JPMorgan sees an opportunity in unloved, low-volatility stocks that pay dividends. These defensive stocks, including companies like Coca-Cola and Procter & Gamble, are expected to perform well as bond yields stabilize. With attractive entry points and potential for upside, these dividend payers offer investors a way to benefit from market resilience.
JPMorgan analysts are flagging a compelling investment opportunity in a segment of the stock market that has been overlooked but offers the advantage of dividend payouts: low-volatility stocks. These companies, typically found in defensive sectors, are poised to benefit as bond yields begin to stabilize.
Mislav Matejka, JPMorgan's head of global and European equity strategy, notes that low-volatility stocks in the U.S. and Europe have underperformed recently, moving counter to rising bond yields. This group includes companies in consumer staples, healthcare, utilities, insurance, and industrials, characterized by their stable price movements and consistent dividend payments.
The bank's research highlights an inverse correlation observed year-to-date between U.S. low-volatility equities and bond yields. Specifically, U.S. low-vol stocks have declined by 6% since the onset of the Middle East conflict, while bond yields have climbed by 55 basis points. However, recent dips in Treasury yields, spurred by hopes for a peace deal in Iran, suggest a potential shift.

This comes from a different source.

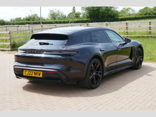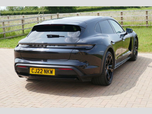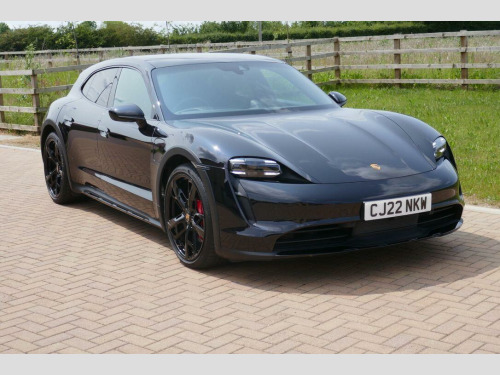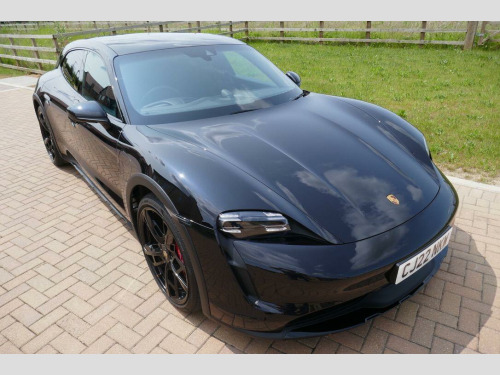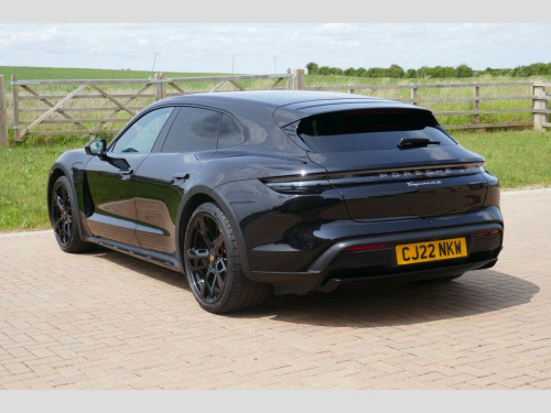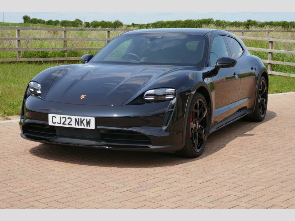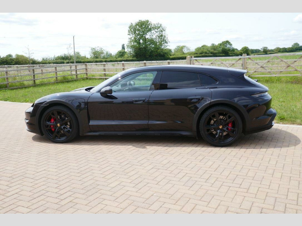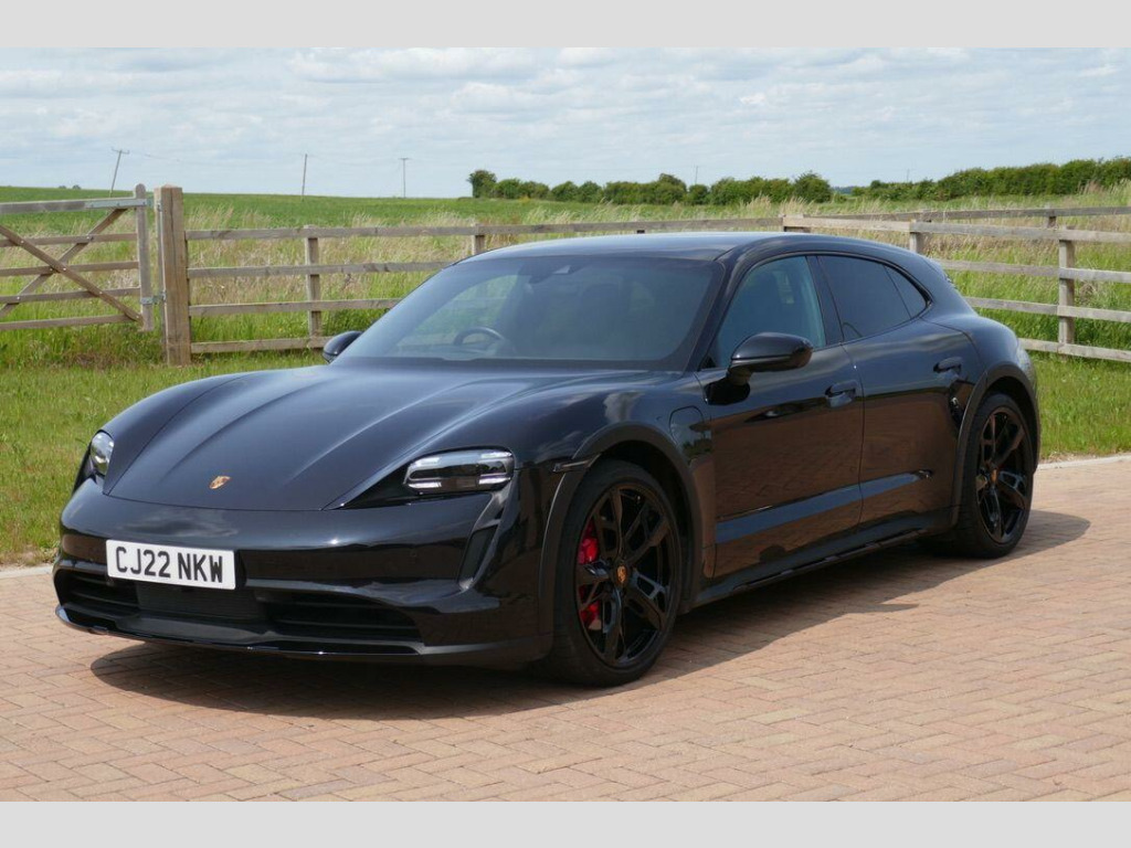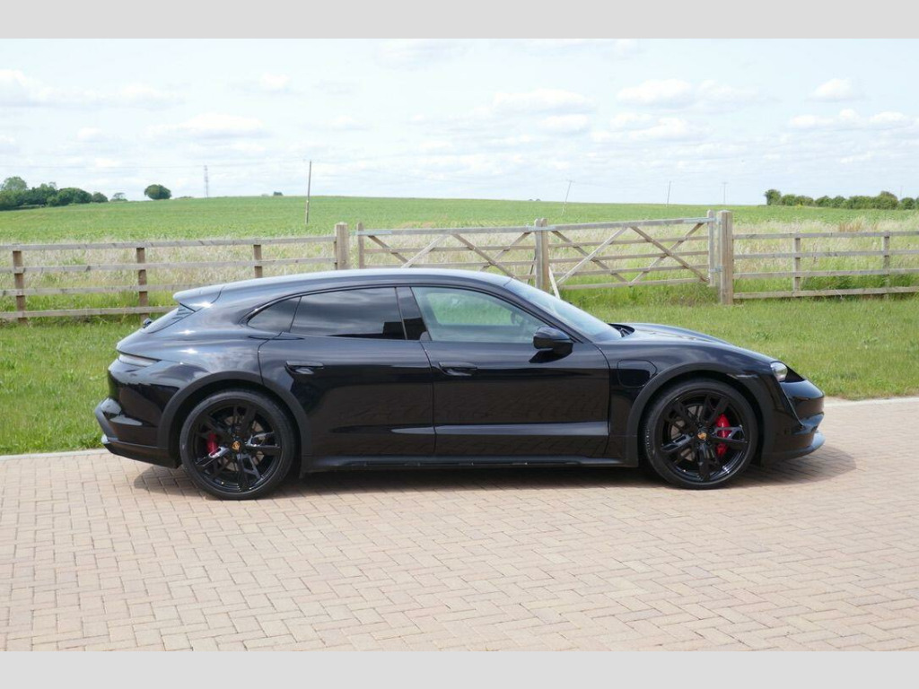 Taycan 4S Cross Turismo in Jet Black Metallic, factory options include 21-Inch Cross Turismo Design Wheels, Power Steering Plus, BOSE Surround Sound System, Side window trims in Black (high-gloss), Privacy glass, Ambient lighting, Driver memory package, ParkAssist including Surround View, Sport Chrono Package incl. mode switch, Wheels painted in Jet Black Metallic, Electric folding exterior mirrors, Heated GT sports steering wheel in leather, Windscreen with grey top-tint, Panoramic roof - fixed, Porsche Electric Sport Sound, 'PORSCHE' logo LED door courtesy lights, Inlays painted in Black (high-gloss). Full Porsche service history se surround sound system with 14 speakers including subwoofer and a total output of 710 watts, parkassist including surround view, 21in alloy wheels - cross turismo design, electrically folding exterior mirrors, fixed glass panoramic roof, porsche logo led door courtesy lights, privacy glass, side window trims - black high gloss, wheels painted in exterior colour, ambient lighting, driver memory package, gt sport steering wheel in leather - heated, inlays painted in black high-gloss, porsche electric sport sound, power steering plus, sport chrono package, 11kw ac on-board charger, 12v electrical socket in rear luggage compartment, 12v electrical socket in the centre console storage compartment, 16.8in curved display, 2 usb-c charge ports in the rear, 2 usb-c connectivity and charge ports in the centre console storage compartment, 3-point automatic seat belts with pre-tensioners - front and outer rear seats and front force limiter, 4-point led daytime running lights, abs - anti-lock brake system, accent package in black, active bonnet system, active carbon fine dust filter, adaptive air suspension including porsche active suspension management - pasm, advanced 2-zone climate control, aluminium double-wishbone front axle, aluminium multi-link rear axle, auto-deploying door handles, automatic headlight activation including welcome home lighting, automatic hold function, automatic tailgate, brake calipers - red, centre console with direct touch control, charge port on driver and front passenger side, collision and brake assist, comfort seats - front with 8-way electrical adjustment of seat height - seat and backrest angle and fore-aft position, cruise control including adaptive speed limiter, curtain airbags along entire roof frame and side windows from the a-pillar to the c-pillar, dc charging at public charging stations with voltage of 800v, digital radio, door sill guards in brushed aluminium, driver personalisation, electric parking brake, electric windows - front and rear, engine bonnet - rear tailgate - doors - side panels - roof and front wings in aluminium, engine immobiliser with remote central locking and alarm system with radar-based interior surveillance, floor mats, folding luggage compartment cover, four-piston aluminium monobloc fixed brake calipers at rear, front centre console armrest with integrated storage compartment, front side airbags, full size airbags for driver and front passenger, full surface aerodynamic underbody panelling, fully galvanised steel-aluminium hybrid lightweight bodyshell, gravel mode for activation of settings for enhanced rough road and loose surface capability, heat pump, isofix mounting points for child seats on outer rear seats, integrated front headrests, integrated porsche 4d chassis control, keyless drive, knee airbags for driver and front passenger, led headlights including porsche dynamic light system plus - pdls plus, lane keeping assist including traffic sign recognition, light strip, luggage compartments at front and rear, multi-collision brake, multi-function sports steering wheel in leather, parkassist - front and rear with visual and audible warning, parking pre-climatisation, performance battery plus, porsche active aerodynamics with active air intake flaps and adaptive rear spoiler, porsche communication management pcm includes navigation module mobile phone preparation audio interface and voice control system, porsche connect with apple carplay, porsche intelligent range manager, porsche logo in glass look integrated into rear light strip, porsche recuperation management - prm, porsche stability management - psm including abs with extended brake functions, porsche vehicle tracking system plus, range mode for the activation of efficiency-orientated settings, rear seats with 2 seats in single-seat look - fold out armrest and split folding backrests 60-40, rollover detection for activation of curtain airbags and seat belt pretensioners, roof spoiler in high-gloss black, seats - heated front, side impact protection integrated into doors, six-piston aluminium monobloc fixed brake calipers at front, sport mode for the activation of dynamic performance settings including launch control, storage compartment, storage package, taycan badge on the centre console, thermally insulated glass all round, third brake light, two integrated cupholders front and rear, tyre pressure monitoring - tpm, upper valance with vertical air intakes - air curtain, windscreen wiper system including rain sensor and washer jets, wireless phone charging in centre console storage compartment

Matejka suggests that if bond yields continue to stabilize, low-volatility stocks could see increased investor interest, mirroring their performance earlier in the year when yields were falling. Even if yields spike towards 5% on the 10-year Treasury, these stocks may also begin to trade relatively better, breaking their inverse correlation.
JPMorgan anticipates lower yields in the medium term, making the "low vol trade" attractive due to its current entry point and resilience across various macroeconomic scenarios. The strategy is not contingent on a broad market downturn, as low-vol stocks have historically outperformed even in rising equity markets.

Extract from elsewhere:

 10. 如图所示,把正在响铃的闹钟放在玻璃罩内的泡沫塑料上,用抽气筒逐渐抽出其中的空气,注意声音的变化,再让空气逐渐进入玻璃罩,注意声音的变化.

The firm's low-volatility index includes several stocks with an "overweight" rating. Among them are:
- Coca-Cola (KO): Offers a 2.6% dividend yield and has remained positive year-to-date. Despite recent price stagnation, the company beat first-quarter earnings estimates, raised its full-year guidance to 8%-9% EPS growth, and expressed confidence in navigating cost uncertainties. Analysts see nearly 9% upside potential.
- Rollins (ROL): A pest control company with a 1.37% dividend yield. Despite a nearly 11% drop in its stock price over the past three months, analysts have given glowing reviews to its investor day, citing a strong go-to-market strategy and execution. FactSet data indicates nearly 22% upside potential.
- Procter & Gamble (PG): Yields 3.01%. Though shares have fallen about 13% in the last three months, the consumer goods giant surpassed earnings and revenue expectations. The company is awaiting its July earnings report to provide fiscal 2027 guidance due to market uncertainties. Analysts hold an average "overweight" rating, projecting about 15% upside.
These selections represent JPMorgan's strategy to identify resilient companies that not only offer stability but also provide income through dividends, making them attractive in the current market environment.